Leading economists are forecasting 2010 to mark recovery from “The Great Recession”. We are currently witnessing trends of lowering unemployment and increasing GDP. However, amidst positive trends and recent economic data, we will continue to feel the bite of this recession for a while. We must also remember there is no guarantee 2010 will bring relief. 2010 presents a looming giant of economic catastrophe. Today’s stability, however welcome, is worryingly fragile (see “The Great Stabilisation”; The Economist, Print Edition, Dec 17, 2009). As such, we can expect the business sector to continue operating in the world of economic downturn, no matter what economic indicators and leading economists suggest… hope for the best; plan for the worst, right?

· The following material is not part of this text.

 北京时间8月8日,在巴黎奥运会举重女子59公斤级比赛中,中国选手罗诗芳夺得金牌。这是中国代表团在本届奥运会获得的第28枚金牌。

It’s the “planning for the worst” that gets me. It is no secret that when the economy tightens, so do the belts of business. Faced with a slowing / receding economy, our clients (exhibitors and attendees) slice budgets in 3 areas that directly affect the tradeshow / B2B marketing industries: Business Marketing, Training, and Travel. We all agree that fiscal management is a necessity. Efficiency is mandatory to weather economic storms. The problem doesn’t lie in tighter fiscal policies; the problems lie in how fiscal restraint is applied. Simply put; management seems to forget the fundamentals of HOW to market and sell in a recession. What’s ironic is while we complain furiously about the erroneous financial decisions of our clients, we do the SAME THING!

When we look at our slumping exhibit and sponsorship sales, or dropping attendance rates, we blame the economy and the market’s response. We continuously state our frustrations with our market for slicing marketing dollars, training budgets and travel allowances. We continue to bark about our customer’s buying trends and spending habits affecting our ability to sell floor space, sponsorships, conference sessions, and event attendance. We do this without consideration to adjustments we have (or have not) made as well.

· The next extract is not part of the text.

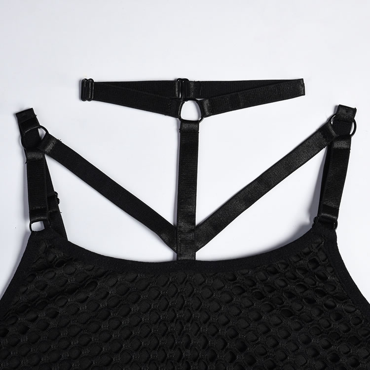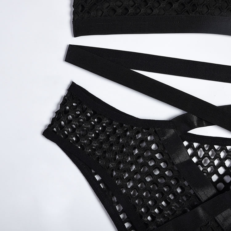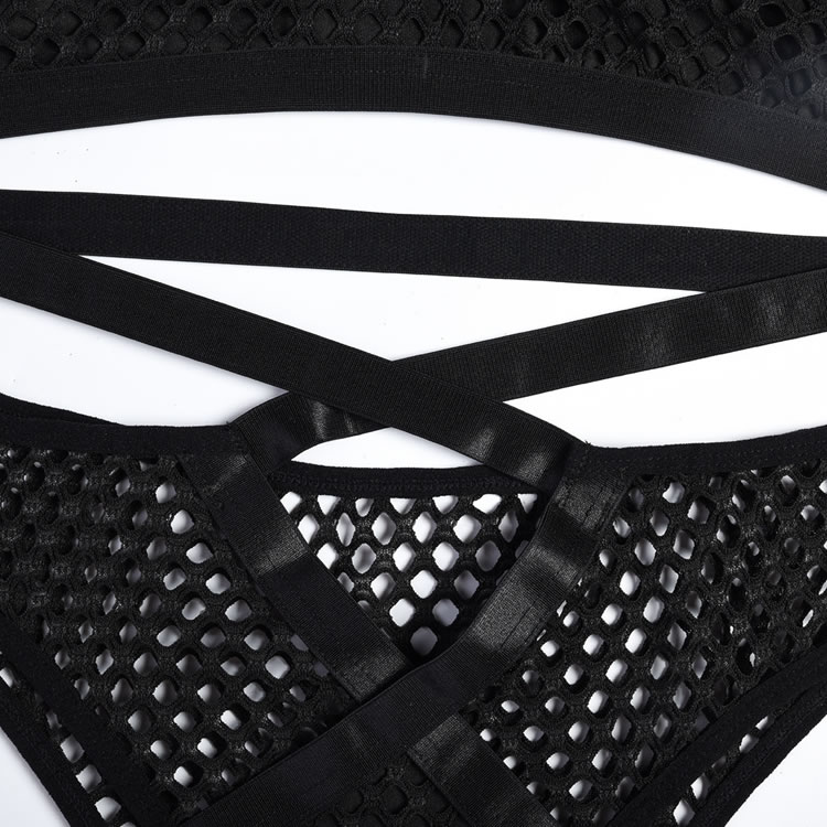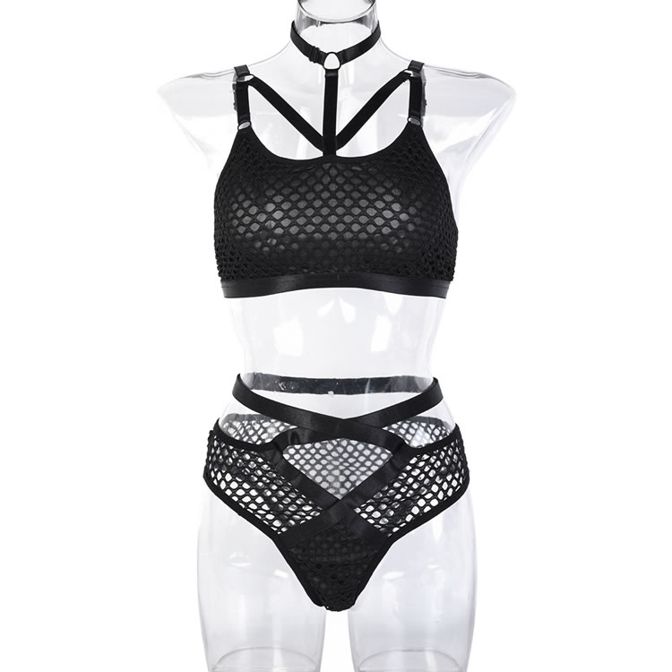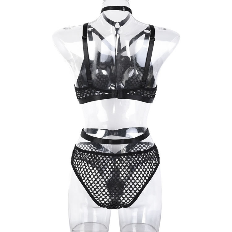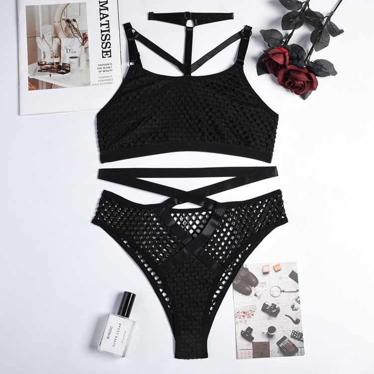 Let him fantasize about you for long after your steamy encounter in this exclusive bra set featuring soft cups with strappy detailing, an attached strappy choker harness, adjustable spaghetti straps, a hook and eye back closure, and a matching high waisted panty with a cheeky cut back.

There was an article published February 19, 2008 in BusinessWeek Magazine (originally published in The Financial Times of London on February 19, 2008), written by John Quelch, a professor at Harvard Business School since 1979. Mr. Quelch is one of ten marketing experts profiled in the 2007 book, “Conversations with Marketing Masters” by Laura Mazur and Louella Miles, and is known world-wide for his research on global marketing, global branding, and marketing communications. He is a non-executive director of WPP Group plc., the world’s second largest marketing services company, and of Pepsi Bottling Group. I don’t think many can question his credentials.

Mr. Quelch’s article, “How to Market in a Recession” touches on EIGHT factors a company should consider when creating marketing plans during a recession. It is a reminder of how companies should focus marketing efforts when facing bad economic conditions ahead, and offers great insight as to why each factor must be considered. Many, if not all, apply to our industry as well.

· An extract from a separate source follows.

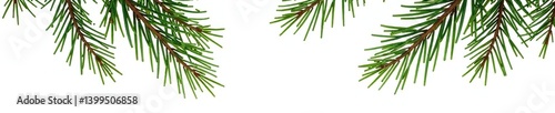 © Nopadon, Fototapeta premium Branches of a coniferous tree against white background, conifer, isolated

Do WE increase customer research to ensure value positioning and differentiation? Do WE change our marketing message focus more towards “family values in place of images of extreme sports, adventure and rugged individualism”? Do WE maintain our marketing spending or cut according to falling revenues? Do WE adjust our product portfolios according to the changing needs of our customer? Do WE adjust our pricing tactics? Do WE emphasize core values? Is our marketing message on target with the changing environment, and are we continuing to allocate adequate resources? (Read full article HERE)

Just as we look to our client market to respond to economic conditions appropriately, so must we. All in all, 2010 will present another year of battle within the markets we serve. We will battle for market share within the industries our events serve. We will also battle the forces our client’s are engaged with, working to help them overcome challenges and survive. Sales and Marketing tactics will be the primary catalyst to success or failure in 2010. We expect our customers to adjust; we must do the same.